Yep, what SuperCreep31 said. The power supplies are very useful. Most have various outputs (12V, 8V, 5V and 3.3V), all at pretty high amperage. Wiper motors love these supplies and you can run a ton of LEDs with them. And don't forget to wipe the hard drives, unless you want to be the latest YouTube sensation.


----------



## studiokraft (Feb 7, 2012)

Agreed about the Power supplies, they can come in handy - and I have also found many uses for those small wires that run from the front of old ATX cases to the motherboard - the ones for the Power button, HD indicator light, etc.


----------



## pshort (May 6, 2008)

studiokraft said:


> Agreed about the Power supplies, they can come in handy - and I have also found many uses for those small wires that run from the front of old ATX cases to the motherboard - the ones for the Power button, HD indicator light, etc.


And the two-pin shunts.


----------



## Pumpkin5 (Aug 8, 2010)

:jol:Hey thanks so much forum peeps....I really wasn't kidding when I said I am ignorant. Can anyone provide a link to what these things look like so I will know it when I take the computer apart? Or PM me what they look like? I have a computer guy that does all our company stuff, if I told him the things you all have mentioned, would he know what I am talking about? Or is that a "haunter only" knowledge thing? I am not trying to be dense.....I just don't have a clue. And he(Steven, my computer guy) has already wiped these computers....I was going to put them to use as back ups, but he told me they were really too old to upgrade would cost nearly as much as a new one. Plus they are from our old rental company and I am not worried about any of that random stuff ending up on YouTube....B-O-R-I-N-G....


----------



## Lunatic (Oct 3, 2006)

Hey P5!
Definitely save the power supply...unless its dead. It's located directly where the computers power cord plugs in. Just open the computer case and look for the metal box connecting the plug....that's the power supply. You should be able to remove the entire box with a couple screws mounted to the computer frame. Unplug the wires from it closest to the box.

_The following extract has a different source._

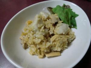 炊き上がった3の全体を混ぜて、器に盛り、ベビーリーフを添えます

There is a great tutorial that Scary Terry posted that shows pictures of how to use a computer power supply and what the wires do. I think his web address is www.scary-terry.com.


----------



## Troll Wizard (May 3, 2012)

What everyone else has said pretty much covers it. Although I would suggest that if your waste management company (one's who pick up your garbage) have a recycling program for old computers like what you have I would take them to that instead of just putting it in the regular garbage.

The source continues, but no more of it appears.